■ **Assigned task**
Images are not wanted; transcribe the rest of the listing exactly.

■ **Data**
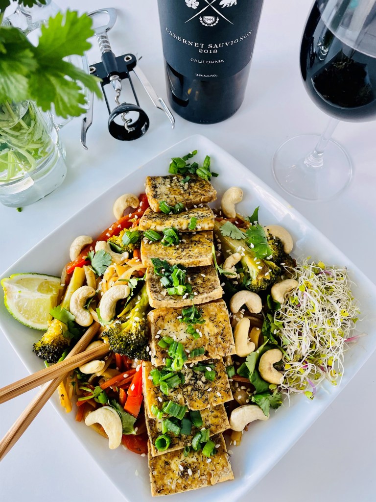Finally, add the noodles and veggies to a plate, squeeze half a lime over them, then top with the tofu, green portions of the green onions, alfalfa sprouts, cilantro, raw cashews, and sesame seeds.
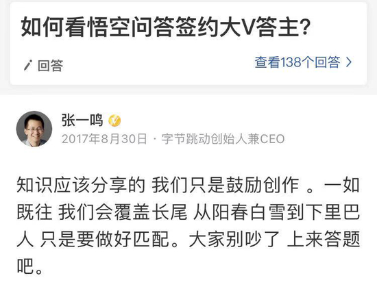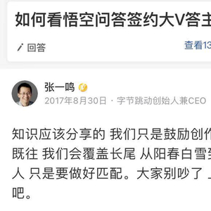 当初,在悟空问答挖知乎墙角的巨大争议中,张一鸣亲自站台助威。他在自己的悟空问答账号上这样写道:“知识应该分享的,我们只是鼓励创作。一如既往,我们会覆盖肠胃,从阳春白雪到下里巴人,知识要做好匹配。大家别吵了,上来答题吧。”
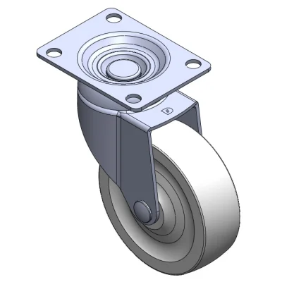 Bánh xe xoay, đế được tán đinh và dập, ren 5/8"-11. Rung bề mặt, lắp đế. Lõi và mặt đế bằng nhựa nhiệt dẻo. Màu xám. Vòng bi bánh xe—vòng bi chính xác.
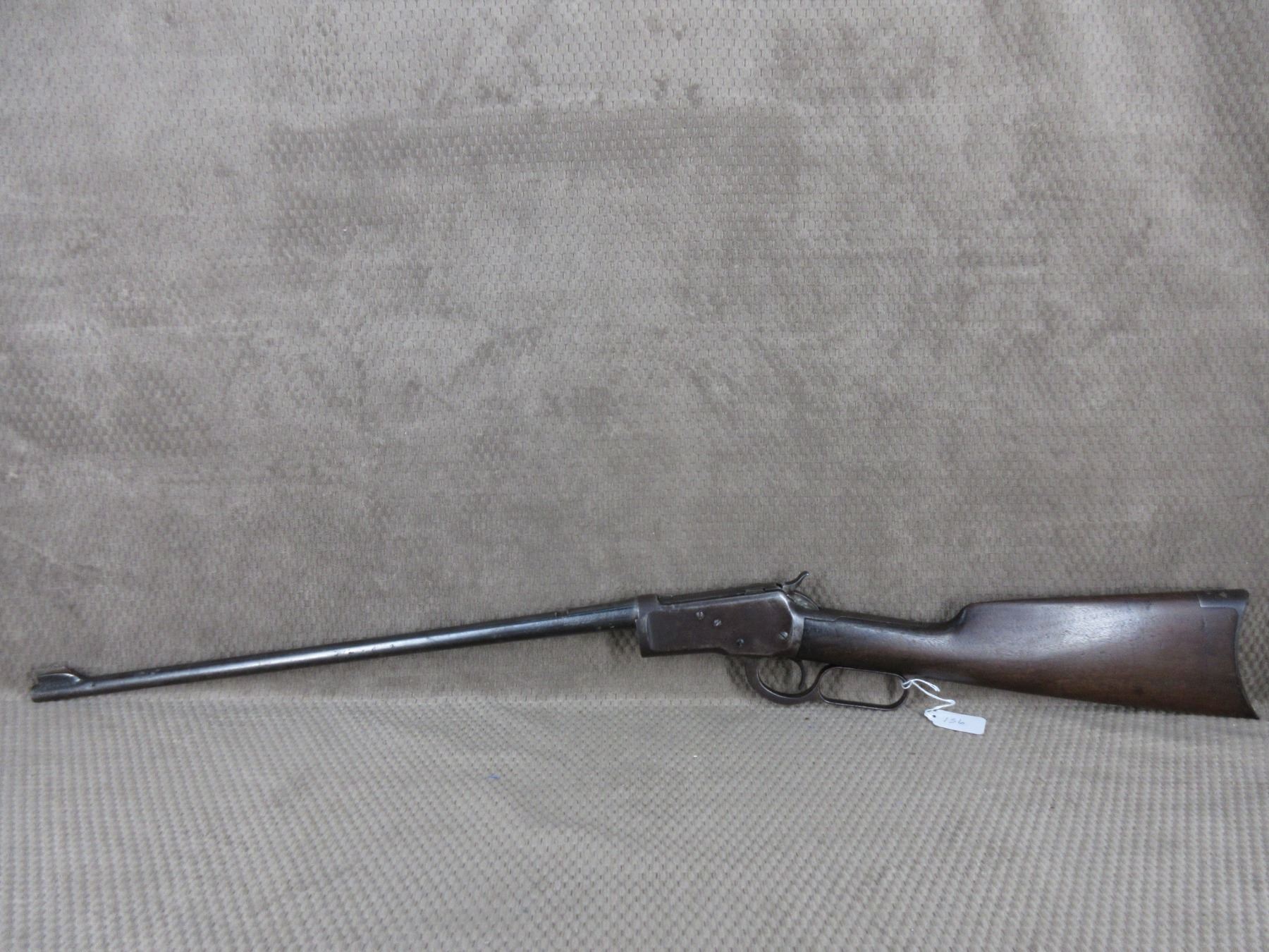 Non-Restricted - Winchester Model 1892 in 25-20 WCF - This lever action, tube magazine feed, is being sold as a parts gun as it is missing the tube magazine, forearm and various forearm pieces. The action appears to be in good working order. Barrel is 20", rifling is good but dark, bluing is fair, has front sight, missing rear sight, stock is fair to good with chip out by wrist and 2 gouges on right side, cresent metal butt plate. Manufactured in 1908.

■ **Answer to the problem**
Finally, add the noodles and veggies to a plate, squeeze half a lime over them, then top with the tofu, green portions of the green onions, alfalfa sprouts, cilantro, raw cashews, and sesame seeds.
 当初,在悟空问答挖知乎墙角的巨大争议中,张一鸣亲自站台助威。他在自己的悟空问答账号上这样写道:“知识应该分享的,我们只是鼓励创作。一如既往,我们会覆盖肠胃,从阳春白雪到下里巴人,知识要做好匹配。大家别吵了,上来答题吧。”
 Bánh xe xoay, đế được tán đinh và dập, ren 5/8"-11. Rung bề mặt, lắp đế. Lõi và mặt đế bằng nhựa nhiệt dẻo. Màu xám. Vòng bi bánh xe—vòng bi chính xác.
 Non-Restricted - Winchester Model 1892 in 25-20 WCF - This lever action, tube magazine feed, is being sold as a parts gun as it is missing the tube magazine, forearm and various forearm pieces. The action appears to be in good working order. Barrel is 20", rifling is good but dark, bluing is fair, has front sight, missing rear sight, stock is fair to good with chip out by wrist and 2 gouges on right side, cresent metal butt plate. Manufactured in 1908.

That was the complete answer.